Best Centres for 20-Year-Olds

If you're 20 years old and preparing for your driving test, this leaderboard reveals which test centres offer the best chances of success for candidates your age. Our ranking is based on pass rates specifically for 20-year-old drivers, showing where people in this age group are most likely to walk away with their full licence. Leading the pack is Barrow In Furness with an impressive 75% pass rate, followed by Alness at 71% and Pembroke Dock at 70%.

Rank Test Centre Value
1 Barrow In Furness 75.0%
2 Alness 71.0%
3 Pembroke Dock 70.0%
4 Newtown 66.7%
5 Chichester 66.2%
6 Bangor 66.1%
7 Weston-super-Mare 65.7%
8 Warrington 65.2%
9 Abergavenny 64.8%
10 Haddington 64.6%
11 Ipswich 64.6%
12 Dorchester 64.4%
13 Wrexham 64.2%
14 Hexham 64.1%
15 Kendal (Oxenholme Road) 63.9%
16 Brecon 63.8%
17 Knaresborough 63.7%
18 Maidstone 62.9%
19 Birmingham (Shirley) 62.8%
20 Lee On The Solent 62.6%

What the numbers show

The gap between first and last on this leaderboard is 12.4% percentage points. Barrow In Furness leads at 75.0%, while Lee On The Solent sits at 62.6% in 20th place. That spread matters — it's the difference between roughly 8 in 10 candidates passing versus 6 in 10.

The average test volume across centres on this leaderboard is 4,399 tests per year. That's a moderate volume, giving these figures reasonable statistical reliability without the extreme stability of the very largest centres.

What this means for 20-year-old candidates

Age-specific pass rates differ from the overall figure because the candidate mix changes. Younger candidates (17-18) are typically taking their test for the first time with less road experience, while older candidates may have had more lessons or be retaking after a previous attempt. The centres that perform well for your age group aren't necessarily the same ones that top the overall leaderboard.

If you're 20 and choosing between centres, the overall pass rate is less useful than the age-specific data. A centre with a mediocre overall rate might have an excellent rate for your age group if its demographics happen to skew older or younger than average. Check the individual centre pages — each one breaks down pass rates by age from 17 to 25.

Understanding this data

These figures matter because they can help you make an informed decision about where to take your test, particularly if you have flexibility in choosing your test centre location. A higher pass rate suggests that the local driving conditions, test routes, or examination standards may be more manageable for candidates in your age bracket. For 20-year-olds specifically, these centres have proven track records of helping people your age succeed on their driving test.

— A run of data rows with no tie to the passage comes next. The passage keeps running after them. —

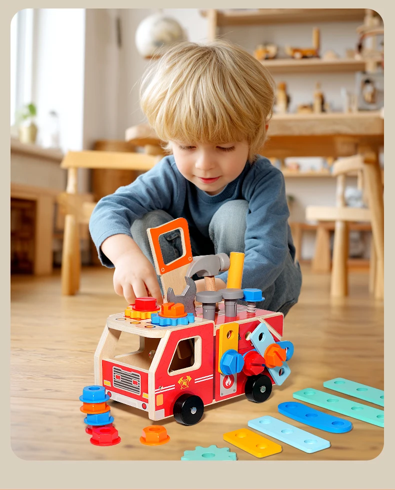 Juguete Montessori de madera, herramienta de simulación, coche de juguete, tuerca, tornillo, desmontaje, caja de herramientas de montaje, tallo educativo, juguete para niño
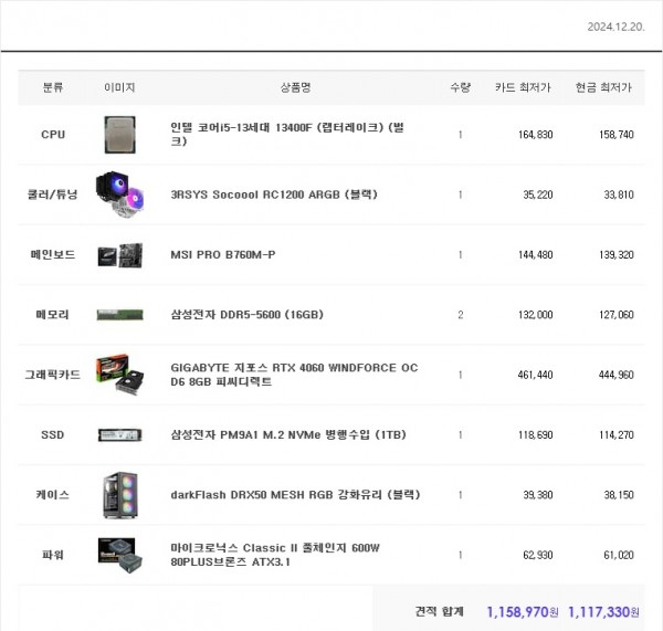 12월 20일 가성비 인텔13세대 i5 116만원대 견적
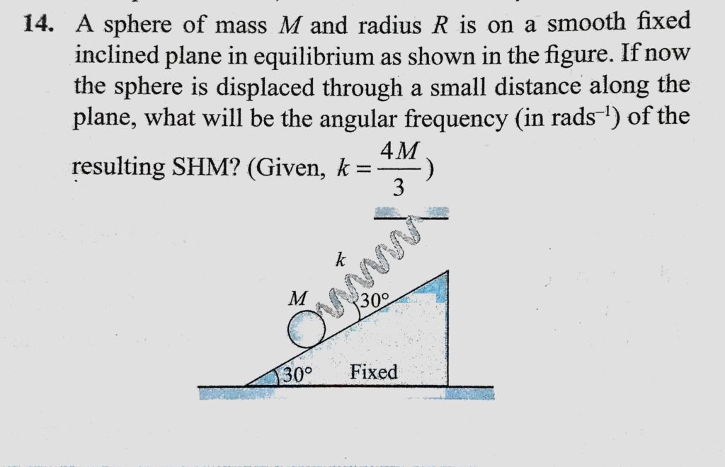 A sphere of mass M and radius R is on a smooth fixed inclined plane in equilibrium as shown in the figure. If now the sphere is displaced through a small distance along the plane, A sphere of mass M and radius R is on a smooth fixed inclined plane in equilibrium as shown in the figure. If now the sphere is displaced through a small distance along the plane October 31, 2020 Category: Uncategorised (JEE Advanced Physics by BM Sharma + GMP Solutions) , Facebook Messenger WhatsApp Share this:TwitterFacebook Related

Looking at the top performers, there's a clear geographical pattern emerging. Many of the highest-scoring centres are located in smaller towns and rural areas across Scotland, Wales, and northern England. This isn't entirely surprising, as these locations typically feature quieter roads, less complex traffic situations, and more straightforward test routes compared to busy urban centres. The contrast with major city test centres, where pass rates tend to be lower due to challenging traffic conditions, is quite striking.

However, it's important to interpret this data thoughtfully. While these statistics are encouraging, your individual success will depend far more on your preparation, practice, and driving ability than the test centre you choose. Additionally, some of these centres may have smaller numbers of candidates, which can make percentage figures appear more dramatic. The key is to focus on thorough preparation wherever you plan to take your test, though these figures certainly provide useful context for your decision-making process.

How to use this leaderboard

Rankings are a starting point, not a final answer. The best centre for you depends on where you live, which roads you've practised on, and how comfortable you are with the local conditions. A centre that tops this leaderboard but sits 40 miles from your home is almost certainly a worse choice than your local centre where you've spent hours building familiarity with the junctions, roundabouts, and traffic patterns.

Use this data to identify centres worth investigating, then visit their individual pages for the complete picture — historical trends, monthly patterns, gender and age breakdowns, and automatic vs manual data. That context will tell you far more than a position in a league table.